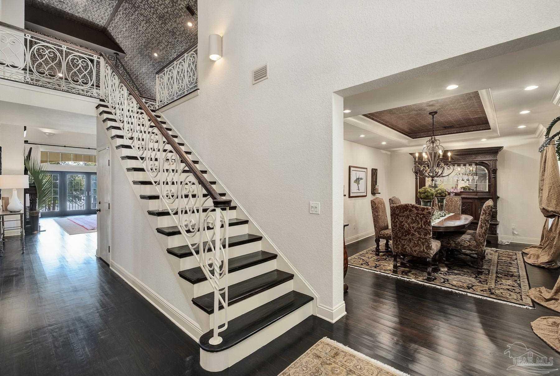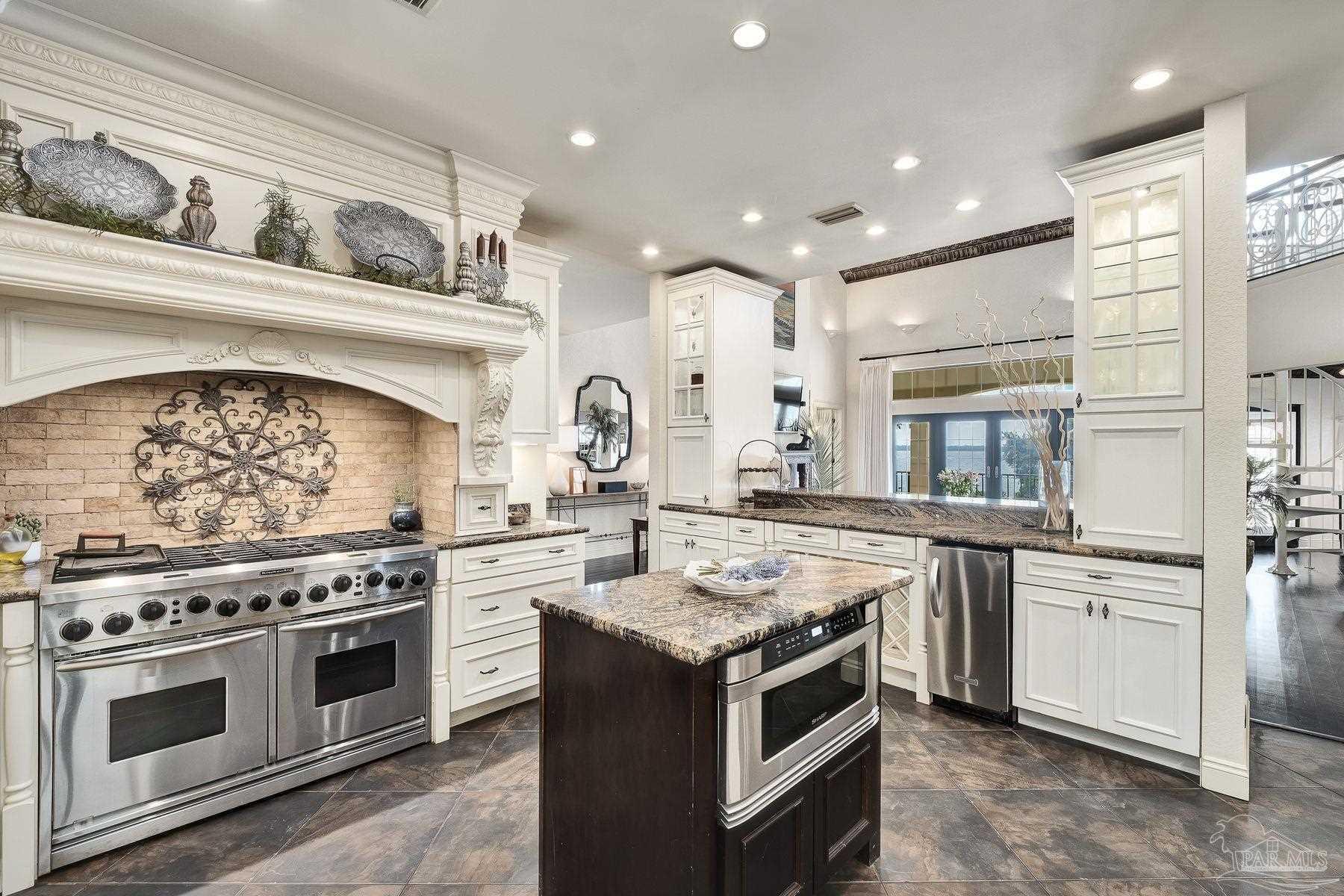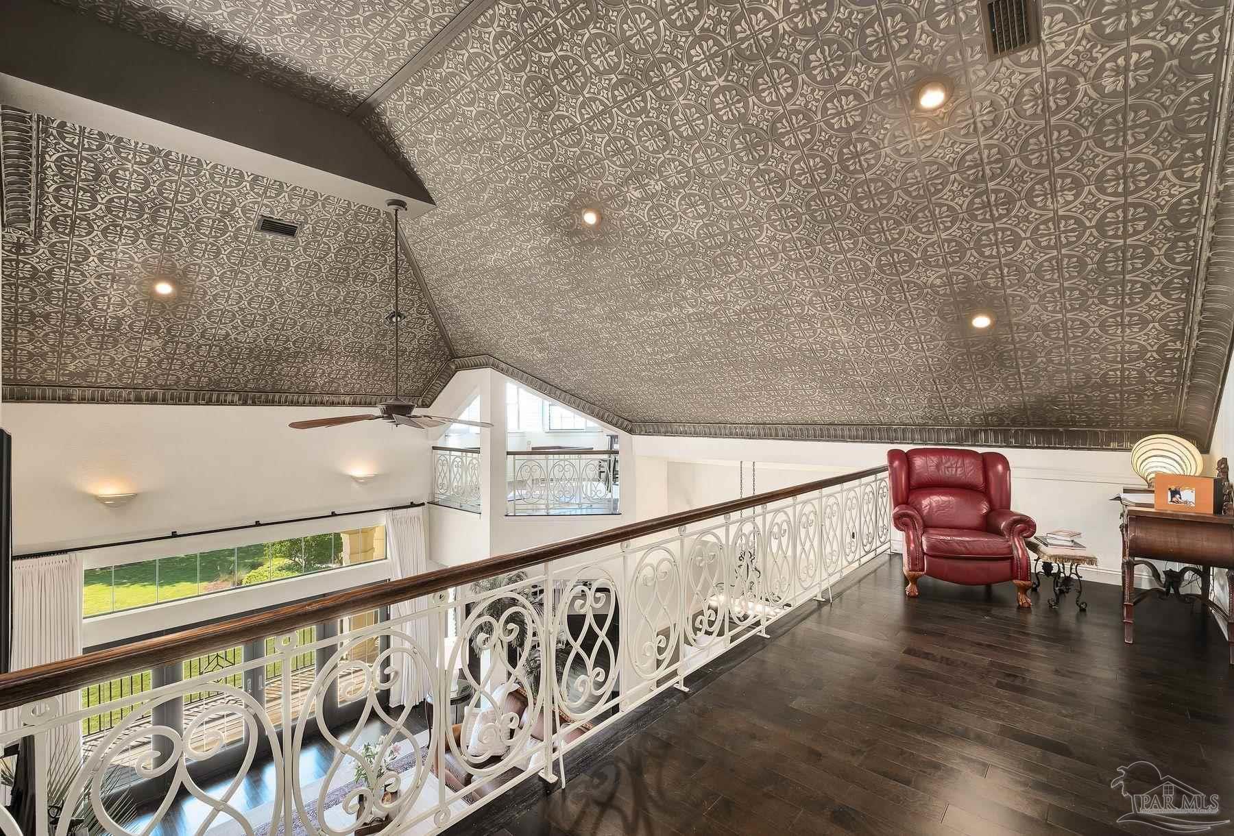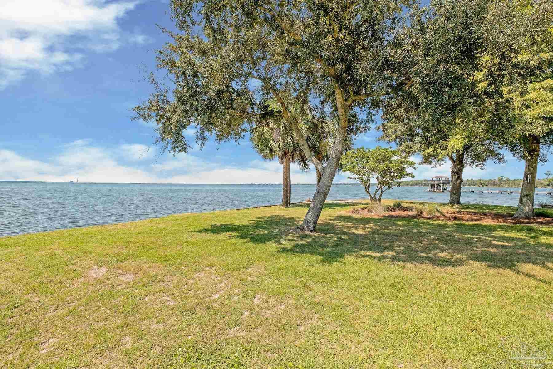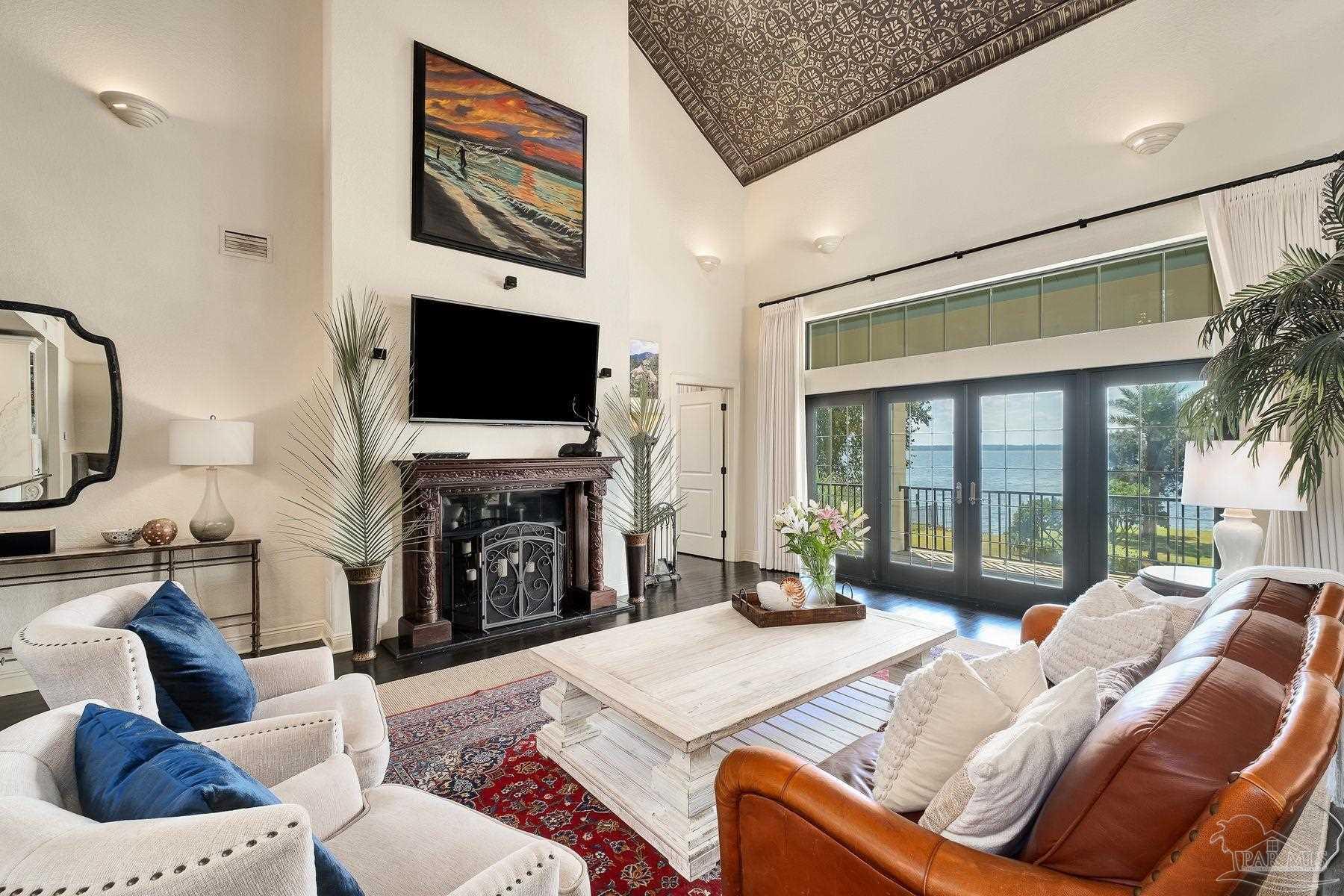 Salt + Serenity Home commands an unparalleled waterfront position on Escambia Bay, offering sweeping 270° views & the ultimate coastal lifestyle. Set on an elevated, professionally landscaped lot in the exclusive Bayside North Island community, this extraordinary estate combines timeless architectural elegance with modern luxury. Approach via a circular driveway to an imperial staircase leading to a covered balcony and grand entrance framed by classical arches and decorative columns. Inside, soaring hand-painted metal ceilings, rich pine floors, and a dramatic spiral staircase that leads to a bonus crow's nest with stunning views. Large windows & French doors flood the home with natural light while perfectly framing the serene bay vistas. At the heart of the home, chef’s kitchen boasts a granite-topped island, a breakfast bar, a professional-grade gas range with double ovens, stainless steel appliances, and abundant custom cabinetry. The adjoining living areas feature a formal dining room, elegant sitting room, a grand family room with custom banquette, statement fireplace, & expansive water views. An office with bay views offers functional yet stylish workspaces. The primary suite is a true retreat, featuring lofty ceilings, French doors to the bay, and a spa-inspired bath. An additional guest suite with private bathrooms is located on the main level. Upstairs, you will find 2 more bedrooms, a guest bath, and a reading nook. Outdoor living is elevated with expansive covered decks, wrought iron fencing, and lush landscaping—an entertainer’s dream. The ground level offers a four-car garage, workshop, and spacious screened lanai ideal for large events cookouts. The backyard boasts ample room to accommodate a pool (virtually shown) or private dock. Deep-water access makes this property perfect for boating, fishing, and paddleboarding. This isn’t just a home—it’s a legacy, a retreat, and your front-row seat to life on the bay. Schedule your private tour today.
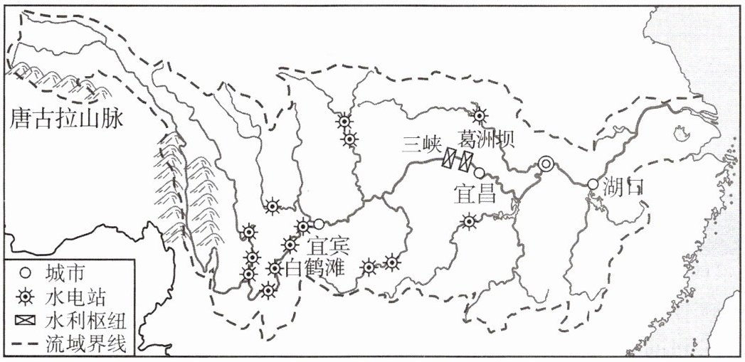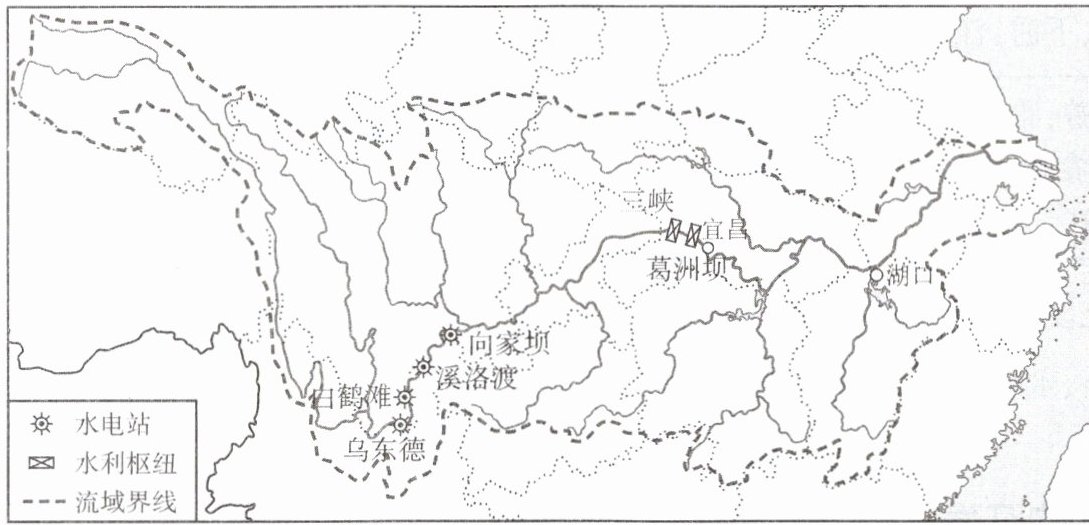 例1 位于长江上游的白鹤滩水电站,在建设中斩获6项“世界第一”,该水电站与长江其他水电站联合调度,形成世界上最大的“清洁能源走廊”。读长江流域示意图,完成下列问题。
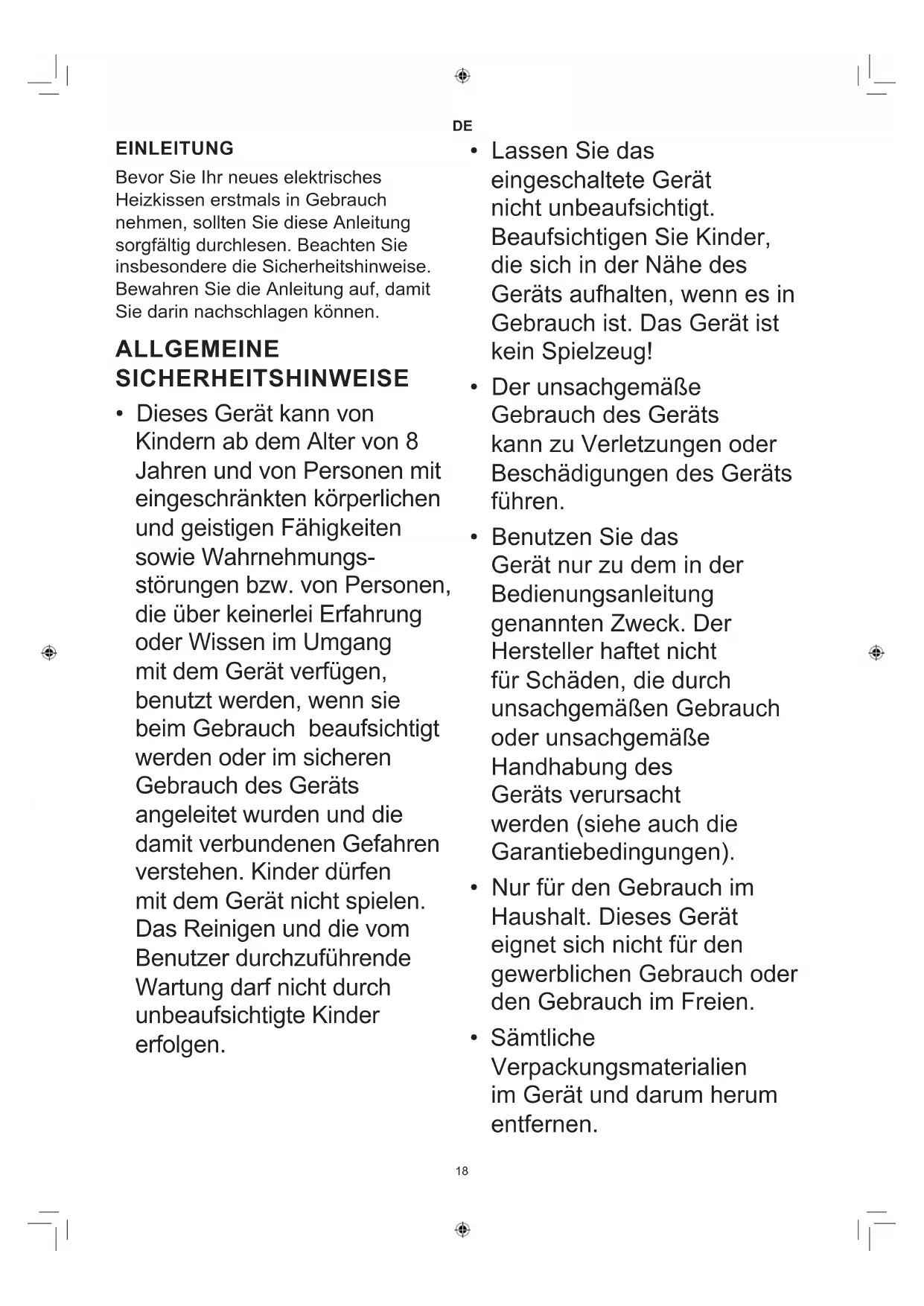 EINLEITUNG Bevor Sie Ihr neues elektrisches Heizkissen erstmals in Gebrauch nehmen, sollten Sie diese Anleitung sorgfältig durchlesen. Beachten Sie insbesondere die Sicherheitshinweise. Bewahren Sie die Anleitung auf, damit Sie darin nachschlagen können. ALLGEMEINE SICHERHEITSHINWEISE
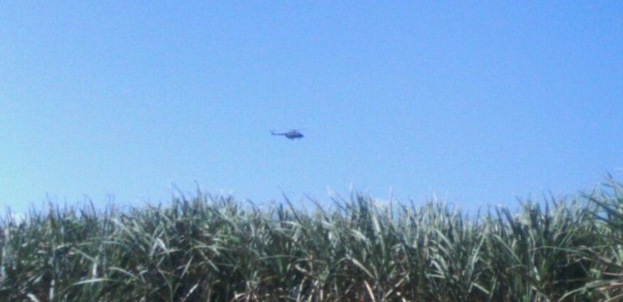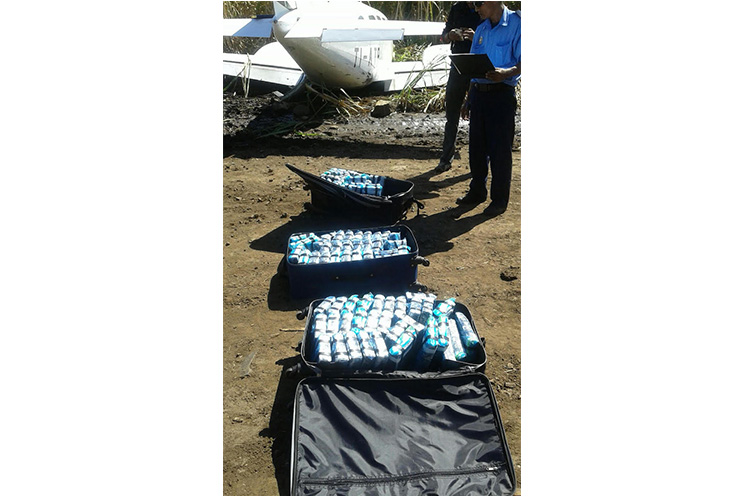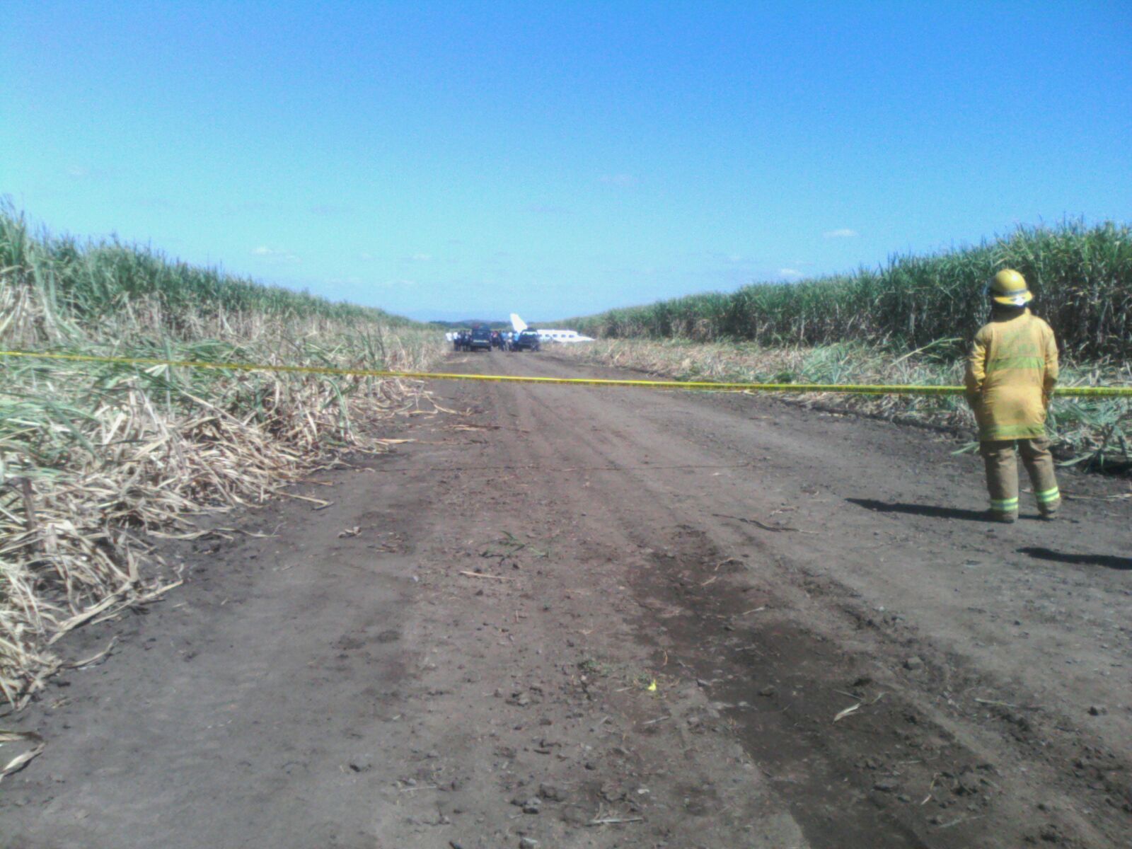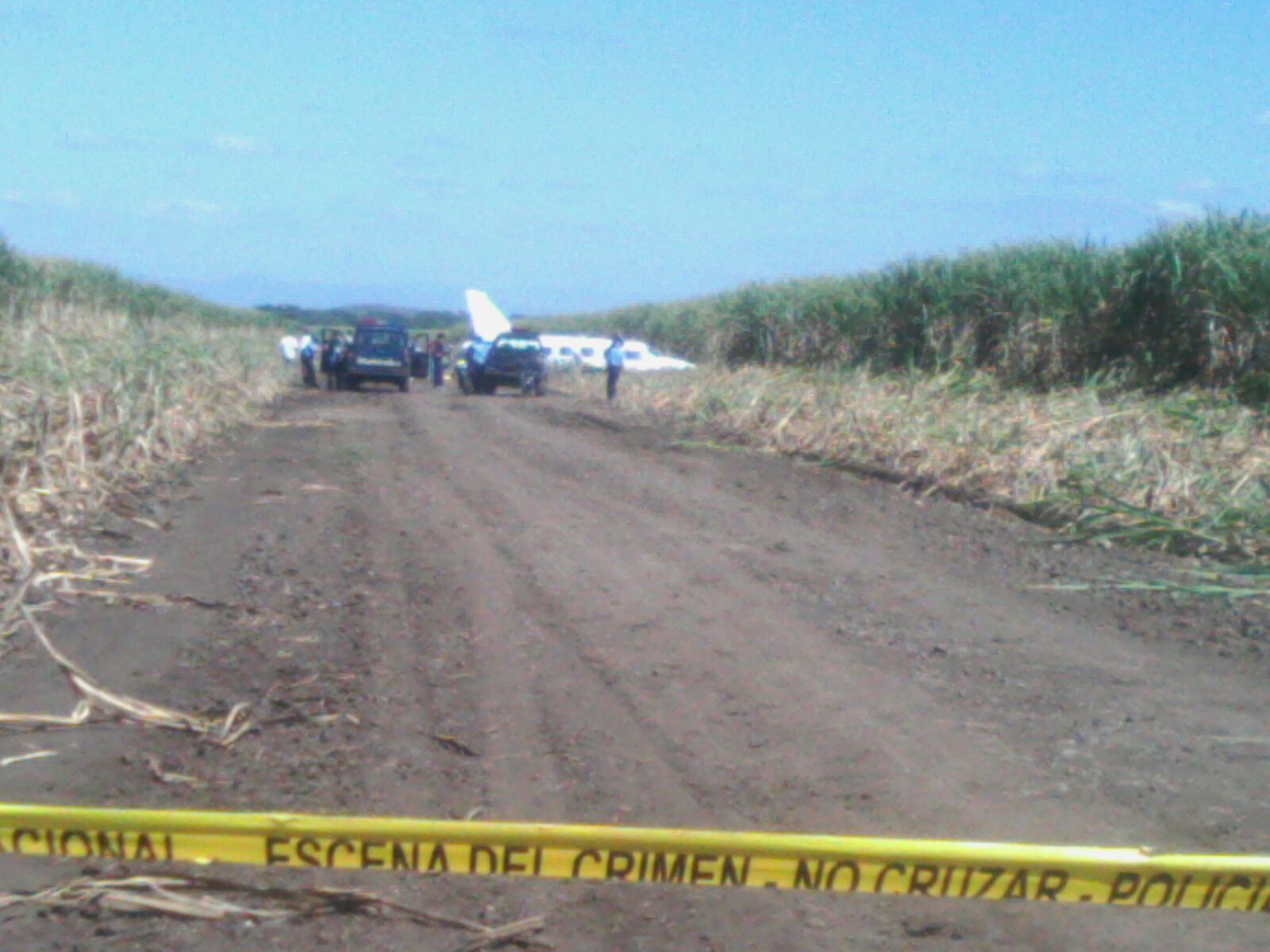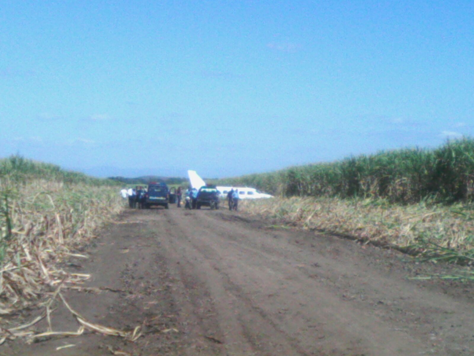 Aparentemente, la aeronave realizó un aterrizaje planificado en una trocha ubicada en los cañaverales de la finca a eso de las ocho de la mañana y poco después aparecieron dos camionetas, una negra y otra azul, en las que se llevaron varias maletas de drogas.

◇ ◇ ◇ ◇ ◇

Every line from the one with "EINLEITUNG Bevor Sie" through the end of the material above should be restated word for word, with the pictures left out.

### RESPONSE
 EINLEITUNG Bevor Sie Ihr neues elektrisches Heizkissen erstmals in Gebrauch nehmen, sollten Sie diese Anleitung sorgfältig durchlesen. Beachten Sie insbesondere die Sicherheitshinweise. Bewahren Sie die Anleitung auf, damit Sie darin nachschlagen können. ALLGEMEINE SICHERHEITSHINWEISE
 Aparentemente, la aeronave realizó un aterrizaje planificado en una trocha ubicada en los cañaverales de la finca a eso de las ocho de la mañana y poco después aparecieron dos camionetas, una negra y otra azul, en las que se llevaron varias maletas de drogas.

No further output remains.